Remote Control System (RCS) is a malware, can be defined as 'instrument of crime', infects computers and Smartphones in order to enable covert surveillance. The company claims that its Trojan once installed in the victims’ computer, can intercept encrypted communication, including emails and Skype voice calls. Furthermore, RCS can turn on a device’s webcam and microphone to spy on the user without their knowledge.

The Team prominently advertises that their RCS spyware is "untraceable" to a specific government operator and can be installed remotely. They say that it can scale up to monitor "hundreds of thousands of targets" and is capable of being deployed to Apple, Android, Symbian, and Blackberry mobile devices.

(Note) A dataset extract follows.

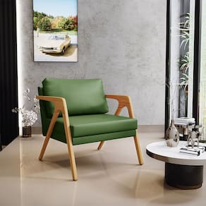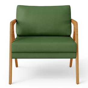 A Poltrona Decorativa Sala De Estar Pietra Com Estrutura De Madeira L02 Facto Verde Musgo - Lyam Decor se sobressai em qualquer ambiente, permite diversas combinações harmônicas e ainda proporciona muito aconchego. A mistura da estrutura de madeira com o revestimento convencional dela, somados ao seu ar geométrico garantem extrema originalidade e personalidade para sua decoração.

"Hacking Team has made a number of statements that seem intended to reassure the public, as well as potential regulators, that they conduct effective due diligence and self-regulation regarding their clients, and the human rights impact of their products," the Citizen Lab researchers report on Monday. "They also market their RCS product as untraceable. Our research suggests that both of these claims ring hollow."

The researchers at Citizen Lab have found traces of Remote Control System (RCS) by mapping the spyware's network of proxy servers, which the Hacking Team claims that RCS is "untraceable."

"Our research reveals that the RCS collection infrastructure uses a proxy-chaining technique, roughly analogous to that used by general-purpose anonymity solutions like Tor, in that multiple hops are used to anonymize the destination of information," reads the report. "Despite this technique, we are still able to map out many of these chains and their endpoints using a specialized analysis." Citizen Lab researchers explained.

On the basis of tracing endpoints of Hacking Team proxy chains, the researchers suspected that the agencies of 21 Governments are current or former Clients of RCS, and the country names are Azerbaijan, Colombia, Egypt, Ethiopia, Hungary, Kazakhstan, Korea, Malaysia, Mexico, Morocco, Nigeria, Oman, Panama, Poland, Saudi Arabia, Sudan, Thailand, Turkey, UAE, Uzbekistan, including Italy which is the homeland of the Hacking Team.

The Governments are targeting for political advantage, including the US-based news Organization, rather than using it for legitimate law enforcement operations.

According to researchers at Citizen Lab, The No.1 suspect is Ethiopian Government, that used the hacking tool created by Hacking Team to carry out the spying operation against the Ethiopian journalists in the United States and Europe.

Hacking Team to Citizen Lab:

“We have established an outside panel of technical experts and legal advisors, unique in our industry that reviews potential sales. This panel reports directly to the board of directors regarding proposed sales.”

However The FBI, which investigates Computer crimes, declined to comment on the Citizen Lab report, but an activist at the Electronic Frontier Foundation (EFF) and an expert in surveillance technology, Eva Galperin said that:

"If the Ethiopian government is not a Hacking Team customer, then I would sure like to know how their tools wound up being used to spy on Ethiopian journalists."